ETH scientists have developed cube-​shaped magnetic building blocks that can be assembled into two-​dimensional shapes and controlled by an external magnetic field. They can be used for soft robotics applications.

If you’ve ever tried to put several really strong, small cube magnets right next to each other on a magnetic board, you’ll know that you just can’t do it. What happens is that the magnets always arrange themselves in a column sticking out vertically from the magnetic board. Moreover, it’s almost impossible to join several rows of these magnets together to form a flat surface. That’s because magnets are dipolar. Equal poles repel each other, with the north pole of one magnet always attaching itself to the south pole of another and vice versa. This explains why they form a column with all the magnets aligned the same way.

Now, scientists at ETH Zurich have managed to create magnetic building blocks in the shape of cubes that – for the first time ever – can be joined together to form two-​dimensional shapes. The new building blocks, which the scientists call modules, are not dipolar but quadrupolar, which means they each have two north poles and two south poles. Inside each of the modules, which are 3D printed in plastic, there are two small conventional dipole magnets with their equal poles facing each other (see picture). The building blocks can be assembled like little chess boards to form any two-​dimensional shapes. It works like this: Because the south and north poles attract each other, a quadrupole building block with its two south poles facing left and right will attract, on each of its four sides, a building block that is rotated by 90 degrees so its north poles on face left and right.

Building on this principle, the scientists made coloured modules with an edge length of just over two millimetres. They assembled them into pixel art emojis to demonstrate what the modules can do. However, possible use cases go way beyond such gimmicks. “We’re particularly interested in applications in the field of soft robotics,” says Hongri Gu, a doctoral student in Professor Bradley Nelson’s group at ETH and lead author of the paper that the scientists recently published in Science Robotics.

Quadrupole and dipole in the same building block
The quadrupole dominates the magnetic properties of the modules. It is a little more complicated than that, though, because in addition to the strong quadrupole, the scientists also built a weak dipole into the building blocks. They achieved this by arranging the little magnets in the module at a slight angle to each other rather than parallel (see picture).

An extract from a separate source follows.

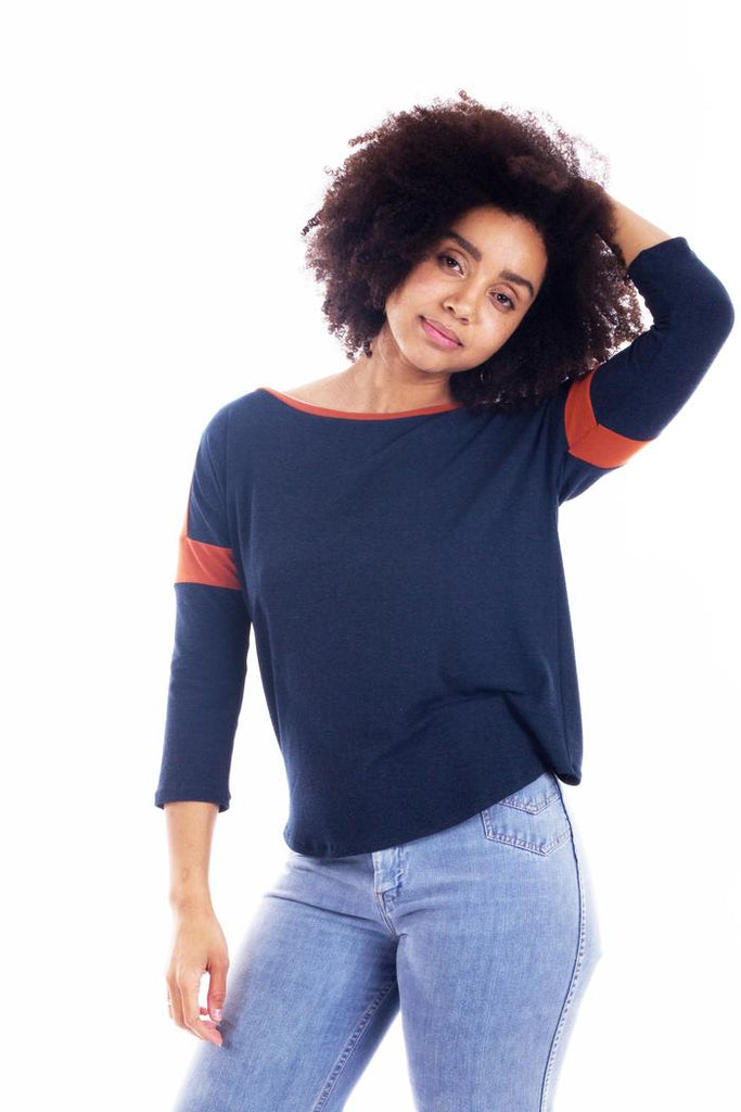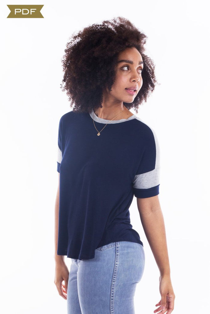 Due to its wide, oversized body width, the Merlo is most flattering when sewn in a drapey knit fabric such as rayon, bamboo or Tencel knits. Cotton and linen knits also work but may result in a slightly boxy look. The contrast stripes are perfect for using up precious knit fabric left-overs. The pattern also offers two neckline choices and three sleeve length options.

“This causes the modules to align themselves with an external magnetic field, like a compass needle does,” Gu explains. “With a variable magnetic field, we can then move the shapes we have built out of the modules. Add in some flexible connectors and it’s even possible to build robots that can be controlled by a magnetic field.”

Gu says that their work was initially about developing the new principle. It is size-​independent, he says, meaning that there is no reason why much smaller quadrupole modules couldn’t be developed. The scientists are also studying how the modules could be used to combine a linear structure into a multidimensional object with the help of a magnetic field. This is something that could be of use in the medicine in the future: it is conceivable that objects such as stents could be formed from a thread consisting of such modules. The thread could be inserted into the body in a relatively simple, minimally invasive procedure through a tiny opening and then a magnetic field applied to assemble it into the final multidimensional structure inside the body.”